Hedge Funds Were Up 0.88% In April; Gaining 0.39% YTD by Eurekahedge
Key highlights for April 2016:
- Hedge funds were up 0.88% in April. On a year-to-date basis, hedge funds gained 0.39% – 51.4% of managers were in the red in April 2016 year-to-date compared to 21.2% of managers who posted negative year-to-date returns over the same period in 2015.
- All strategic mandates were up this month with relative value hedge funds posting the best returns among all strategic mandates up 1.96%. This is followed by event driven and macro hedge funds which increased 1.34% and 1.14% respectively.
- Long/short equities hedge funds were the only mandate to post negative year-to-date returns and lost 1.35%, the strategy worst year-to-date returns since 2008.
- Latin American hedge funds were up for the third consecutive month, leading the tables with gains of 3.93%. On a year-to-date basis, Latin American hedge fund managers also topped the tables with 9.61% of returns. Year-to-date investor allocations for Latin American currently stands at US$0.7 billion having seen three consecutive months of inflows for the period ending April.

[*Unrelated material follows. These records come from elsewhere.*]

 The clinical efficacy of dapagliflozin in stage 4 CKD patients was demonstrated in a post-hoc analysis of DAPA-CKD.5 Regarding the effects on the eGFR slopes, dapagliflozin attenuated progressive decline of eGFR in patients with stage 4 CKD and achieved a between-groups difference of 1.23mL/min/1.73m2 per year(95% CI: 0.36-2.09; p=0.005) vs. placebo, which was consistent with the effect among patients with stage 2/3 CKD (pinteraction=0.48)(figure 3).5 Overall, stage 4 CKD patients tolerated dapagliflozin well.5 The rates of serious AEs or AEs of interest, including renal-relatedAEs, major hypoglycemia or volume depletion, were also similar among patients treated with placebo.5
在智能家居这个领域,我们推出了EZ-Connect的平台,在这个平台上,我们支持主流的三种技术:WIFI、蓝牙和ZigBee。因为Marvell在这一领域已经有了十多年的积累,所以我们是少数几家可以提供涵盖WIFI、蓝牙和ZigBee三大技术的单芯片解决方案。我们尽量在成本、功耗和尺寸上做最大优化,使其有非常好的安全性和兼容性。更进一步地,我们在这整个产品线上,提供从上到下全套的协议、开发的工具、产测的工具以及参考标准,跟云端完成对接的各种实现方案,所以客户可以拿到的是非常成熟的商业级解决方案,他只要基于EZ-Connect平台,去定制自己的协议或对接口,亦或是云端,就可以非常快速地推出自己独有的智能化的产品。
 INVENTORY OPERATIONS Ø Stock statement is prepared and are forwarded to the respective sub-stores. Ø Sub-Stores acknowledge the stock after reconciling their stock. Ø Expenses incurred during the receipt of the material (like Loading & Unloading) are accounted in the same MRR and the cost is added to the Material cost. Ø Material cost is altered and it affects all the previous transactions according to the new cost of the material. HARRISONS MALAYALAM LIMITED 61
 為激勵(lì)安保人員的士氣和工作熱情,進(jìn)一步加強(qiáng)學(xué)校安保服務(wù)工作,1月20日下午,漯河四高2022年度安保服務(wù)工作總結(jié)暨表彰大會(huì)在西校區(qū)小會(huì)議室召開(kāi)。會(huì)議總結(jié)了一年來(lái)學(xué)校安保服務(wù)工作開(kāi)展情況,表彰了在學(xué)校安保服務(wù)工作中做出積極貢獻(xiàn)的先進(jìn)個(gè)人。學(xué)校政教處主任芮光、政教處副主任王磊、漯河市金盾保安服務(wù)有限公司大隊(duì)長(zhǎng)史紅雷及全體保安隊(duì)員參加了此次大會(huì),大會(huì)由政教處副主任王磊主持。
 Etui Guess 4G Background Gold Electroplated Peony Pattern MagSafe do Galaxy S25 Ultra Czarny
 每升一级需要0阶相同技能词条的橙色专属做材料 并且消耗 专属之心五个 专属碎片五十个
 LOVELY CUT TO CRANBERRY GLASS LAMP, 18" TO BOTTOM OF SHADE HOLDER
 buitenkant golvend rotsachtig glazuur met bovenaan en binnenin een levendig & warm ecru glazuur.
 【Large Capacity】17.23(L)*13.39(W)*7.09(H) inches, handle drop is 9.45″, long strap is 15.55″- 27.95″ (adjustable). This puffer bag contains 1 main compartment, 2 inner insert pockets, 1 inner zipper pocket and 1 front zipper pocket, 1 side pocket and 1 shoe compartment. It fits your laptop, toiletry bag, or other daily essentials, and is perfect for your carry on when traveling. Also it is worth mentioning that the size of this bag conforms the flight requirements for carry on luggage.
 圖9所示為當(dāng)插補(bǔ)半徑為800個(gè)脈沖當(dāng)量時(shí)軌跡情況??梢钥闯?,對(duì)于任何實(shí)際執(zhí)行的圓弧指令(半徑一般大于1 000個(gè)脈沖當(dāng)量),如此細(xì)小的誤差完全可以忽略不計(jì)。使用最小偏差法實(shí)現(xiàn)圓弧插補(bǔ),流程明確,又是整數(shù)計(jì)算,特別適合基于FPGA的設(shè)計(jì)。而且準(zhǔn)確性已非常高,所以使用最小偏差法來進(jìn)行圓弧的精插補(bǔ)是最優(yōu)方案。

- Japan-mandated hedge funds were the only regional mandate to post negative returns in April, down 0.80%. On a year-to-date basis, Japan managers decreased by 3.60% – the mandate worst year-to-date return on record.
- European managers posted their fourth consecutive month of performance-based declines, totaling US$7.4 billion on a year-to-date basis. On the other hand, European managers also recorded the highest investor allocations across all regional mandates US$13.2 billion on a year-to-date basis.
- Asia ex-Japan managers were up 0.92% in April, and down 1.93% year-to-date. As of April 2016, investors have allocated US$2.9 billion into Asia ex-Japan mandated hedge funds while a performance-based decline of US$2.5 billion was recorded.
- The CBOE Eurekahedge Relative Value Volatility Index was up 0.59% in April and 2.36% on a year-to-date basis, leading the suite of CBOE Eurekahedge Volatility Indexes. For more information, please see the CBOE Eurekahedge Volatility Indexes page.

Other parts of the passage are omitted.